I understand some of the reasons for overcommitting memory when it's not known how much is really available or needed, but blocking on a definite out-of-memory seems just plain daft. If the kernel knows that no more memory is available why can't it pass that information on to user space?


(Log in to post comments)

Blocking on allocation failure - WTF?

Posted Mar 10, 2011 8:28 UTC (Thu) by epa (subscriber, #39769) [Link]

why can't it pass that information on to user space?
I should have said, why can't it pass the info back to the process that requested more memory? (rather than a third userspace OOM-killer process)

Blocking on allocation failure - WTF?

Posted Mar 10, 2011 11:06 UTC (Thu) by dgm (subscriber, #49227) [Link]

I think about the same. I see value in having a higher level control on which process get dumped, for instance, in systems composed of many processes where some are more expendable than others.

But you can "easily" simulate this with conventional means: in precious programs, use a custom version of malloc() that, on error, sends a kill signal to some of the processes on the expendable list.

Or I'm missing something?

Blocking on allocation failure - WTF?

Posted Mar 10, 2011 11:56 UTC (Thu) by alonz (subscriber, #815) [Link]

Yes, you are missing something.

What you miss is that in modern Linux, malloc() practically never fails. It only allocates virtual space, which is not yet backed by physical memory.

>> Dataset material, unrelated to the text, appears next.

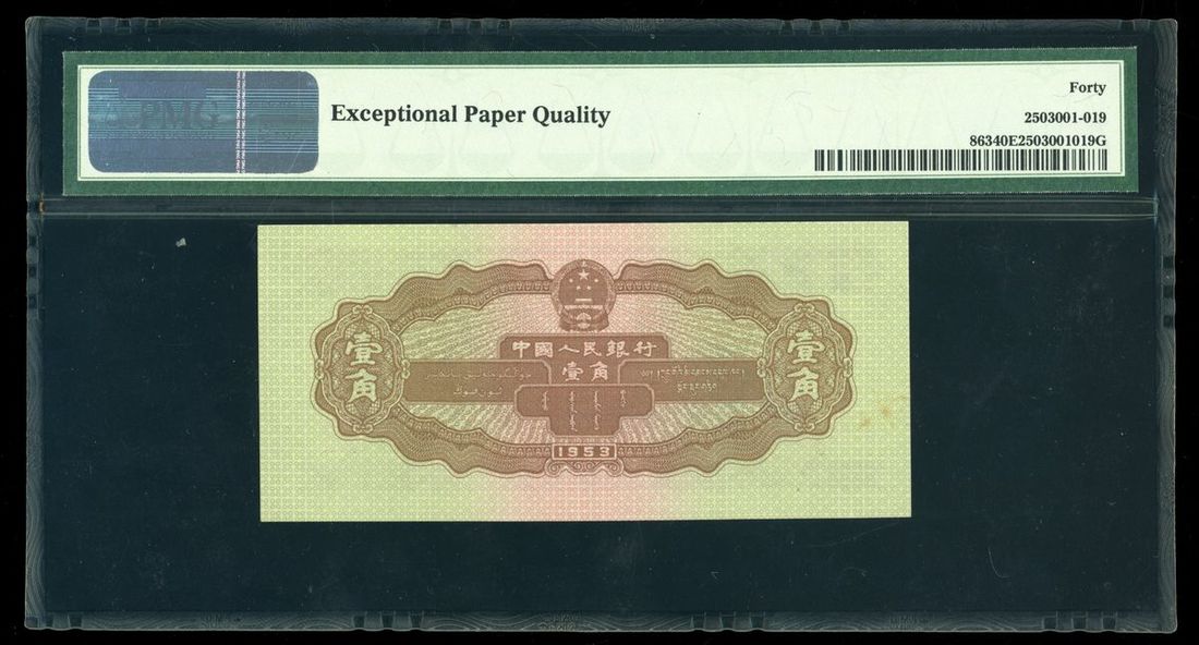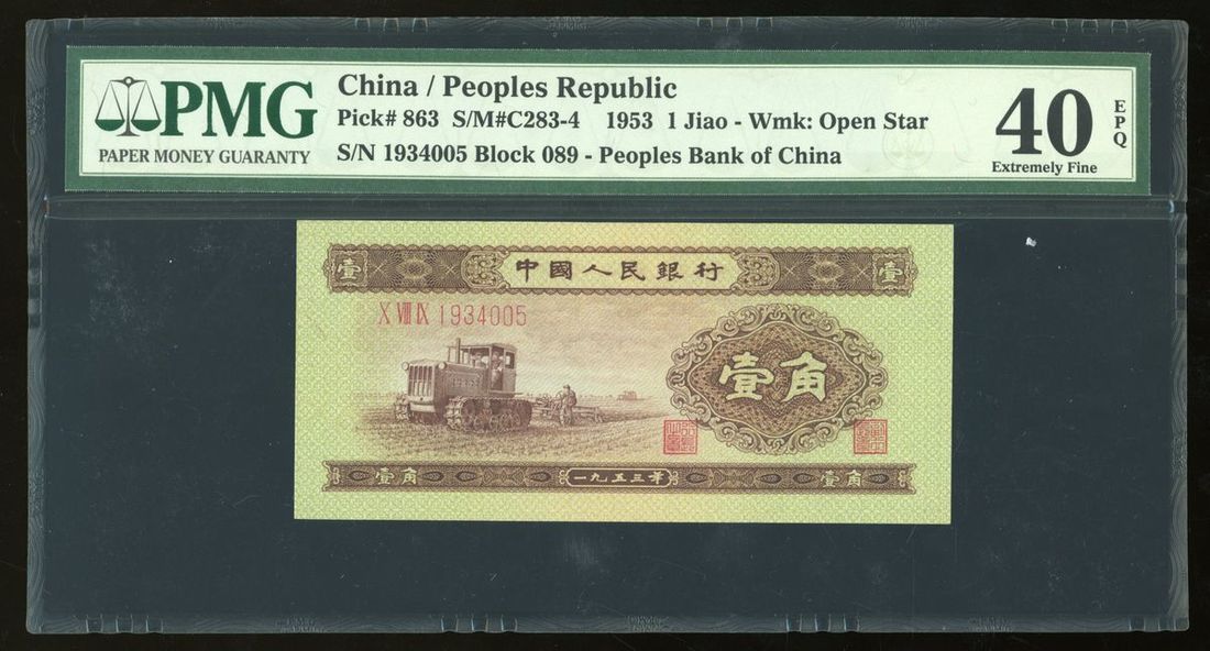 People's Bank of China, 2nd Series Renminbi, 1953, 1 Jiao, serial number X VIII IX 1934005, (Pick 863), PMG 40EPQ

Memory is only actually allocated when the process first touches it—which can be arbitrarily late. (Plus there are many other kinds of memory allocation: breaking of COW pages created by fork(), allocation of page structures in the kernel, skbs, …)

Blocking on allocation failure - WTF?

Posted Mar 10, 2011 14:39 UTC (Thu) by epa (subscriber, #39769) [Link]

What you miss is that in modern Linux, malloc() practically never fails.
Right, but here is an instance where it does fail to allocate memory. It is known that the memory is not available right now (although of course it might become available at some point in the future). The malloc() API has provision for letting that be known to the application, by returning null. If the application wants to just hang until memory becomes available, that can easily be implemented in user-space (perhaps at the cost of a little busy-waiting or sleeping); but on the other hand if the application would like to find out when no more memory is available and do something, it's impossible to implement that on top of a malloc() interface that just blocks indefinitely.

Blocking on allocation failure - WTF?

Posted Mar 11, 2011 14:22 UTC (Fri) by droundy (subscriber, #4559) [Link]

The point is that malloc never does block indefinitely with overcommit enabled. It (essentially) always succeeds, and what blocks indefinitely is when you try to write to that shiny new virtual address space that was provided to you by malloc. At this point, the kernel realizes that there aren't any pages to provide you with, but it's too late for malloc to do anything to help you out, since malloc already succeeded.

Blocking on allocation failure - WTF?

Posted Mar 10, 2011 16:15 UTC (Thu) by dgm (subscriber, #49227) [Link]

I see. So much complexity... but is it worth it? Is there someone really using overcommit?

On a production environment it has to be a maintenance nightmare to have random tasks killed without warning. I would disable it right away. And the same on desktops. I just looked and Ubuntu disables it by default.

Memory overcommit

Posted Mar 10, 2011 16:48 UTC (Thu) by rvfh (subscriber, #31018) [Link]

It's not just worth it, it's practically impossible to live without it. If you needed to have the total amount of real memory you malloc, most systems would need twice as much RAM.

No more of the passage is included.